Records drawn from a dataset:
☆ ☆ ☆ ☆
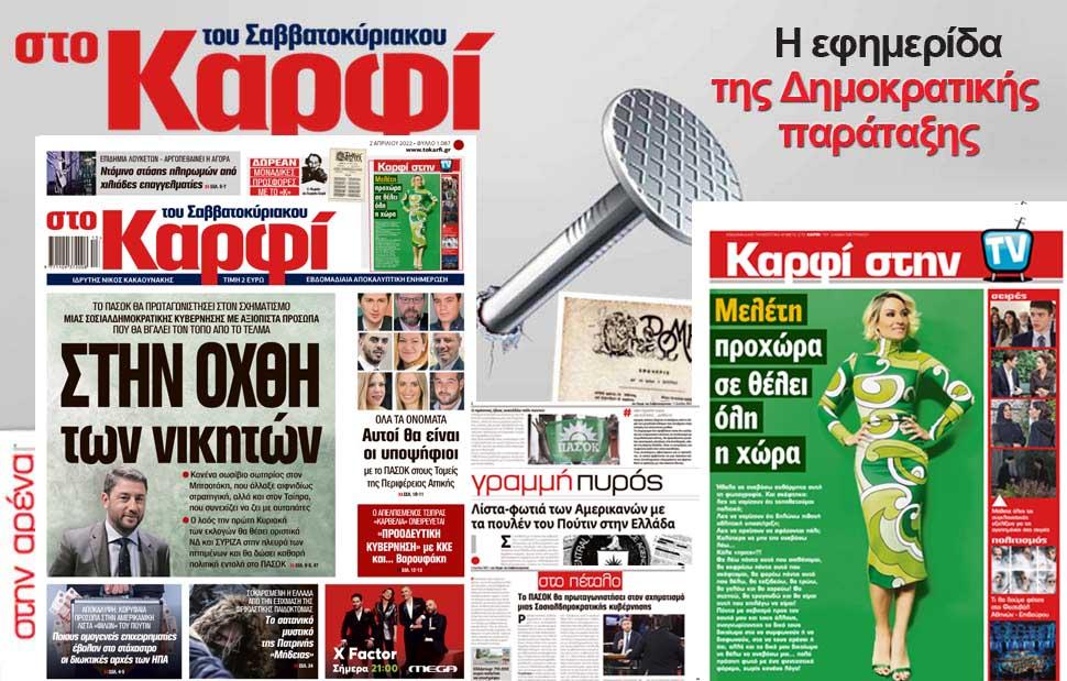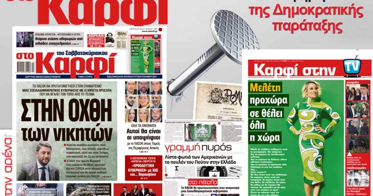 Μη χάσετε αυτό το Σάββατο 2 Απριλίου 2022 το αποκαλυπτικό «ΚΑΡΦΙ» που κυκλοφορεί σε όλα τα περίπτερα της χώρας με πλούσια θεματολογία και πολλές αποκλειστικότητες.
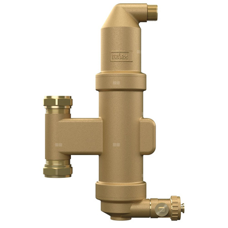 Dwufunkcyjny separator mikropęcherzy powietrza, osadów i zanieczyszczeń do instalacji ogrzewania i chłodzenia wodnego oraz innych instalacji zamkniętych wypełnionych cieczą.
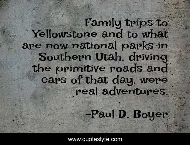 This page presents the quote "Family trips to Yellowstone and to what are now national parks in Southern Utah, driving the primitive roads and cars of that day, were real adventures.". Author of this quote is Paul D. Boyer. This quote is about roads, car, day,.
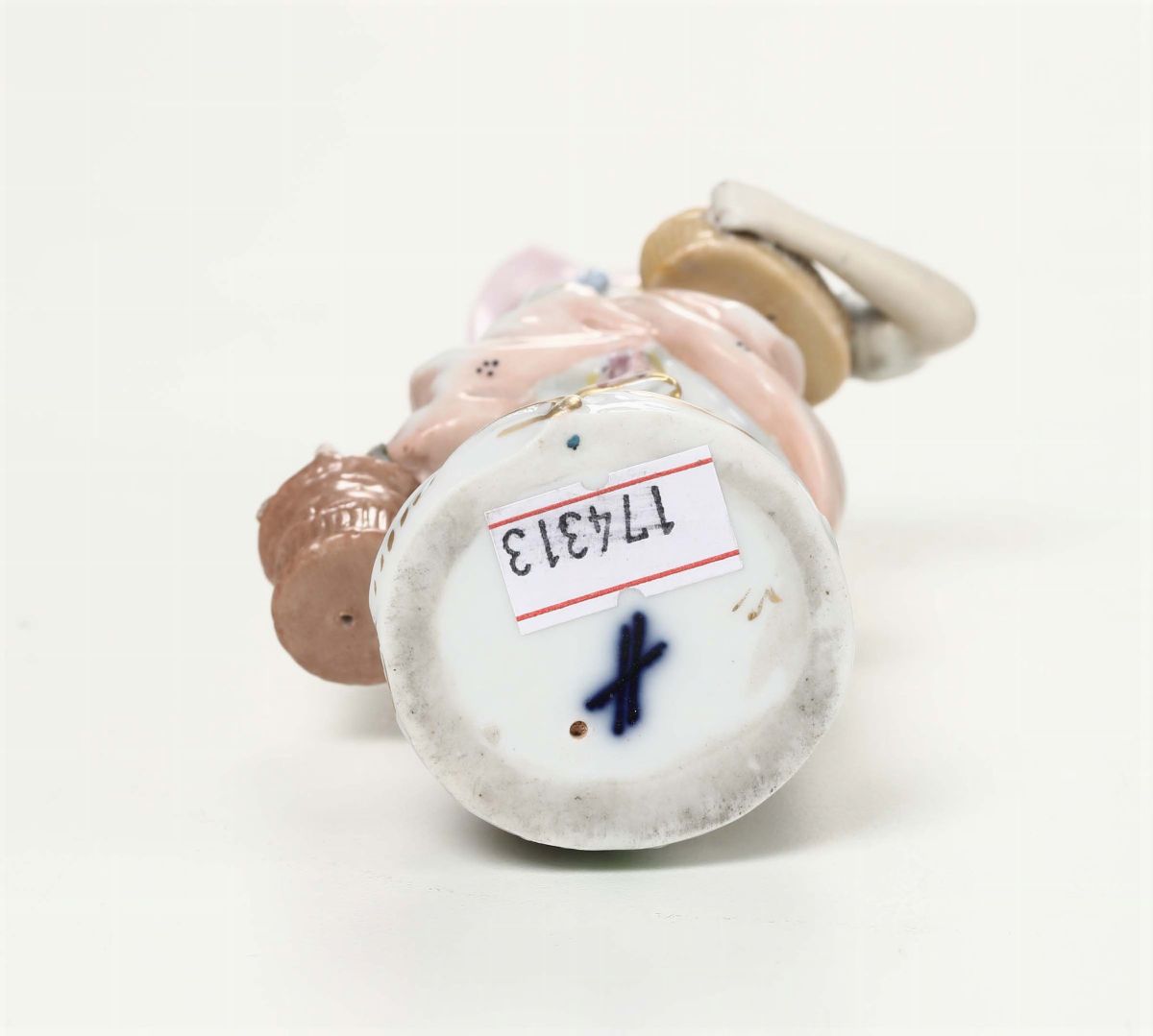 Porcellana policroma. Marca: travi incrociate in blu. Altezza cm 13,4. Braccio sinistro ricomposto in restauro
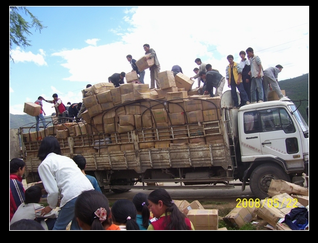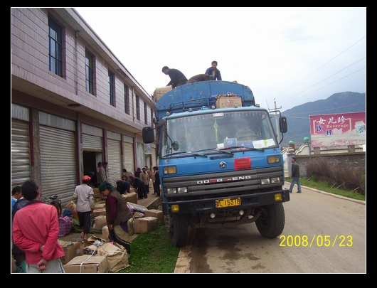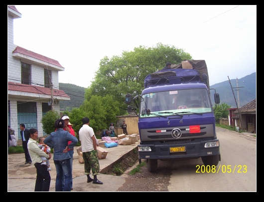1).5月10日,和与天协商,发一车捐赠物资到四川省汶川县龙溪乡.
☆ ☆ ☆ ☆
** Exercise brief **
Only the lines from the one containing "Dwufunkcyjny separator mikropęcherzy" through the last line of the entries above belong in the copy; reproduce them exactly and drop every picture.

** Completed task **
 Dwufunkcyjny separator mikropęcherzy powietrza, osadów i zanieczyszczeń do instalacji ogrzewania i chłodzenia wodnego oraz innych instalacji zamkniętych wypełnionych cieczą.
 This page presents the quote "Family trips to Yellowstone and to what are now national parks in Southern Utah, driving the primitive roads and cars of that day, were real adventures.". Author of this quote is Paul D. Boyer. This quote is about roads, car, day,.
 Porcellana policroma. Marca: travi incrociate in blu. Altezza cm 13,4. Braccio sinistro ricomposto in restauro
1).5月10日,和与天协商,发一车捐赠物资到四川省汶川县龙溪乡.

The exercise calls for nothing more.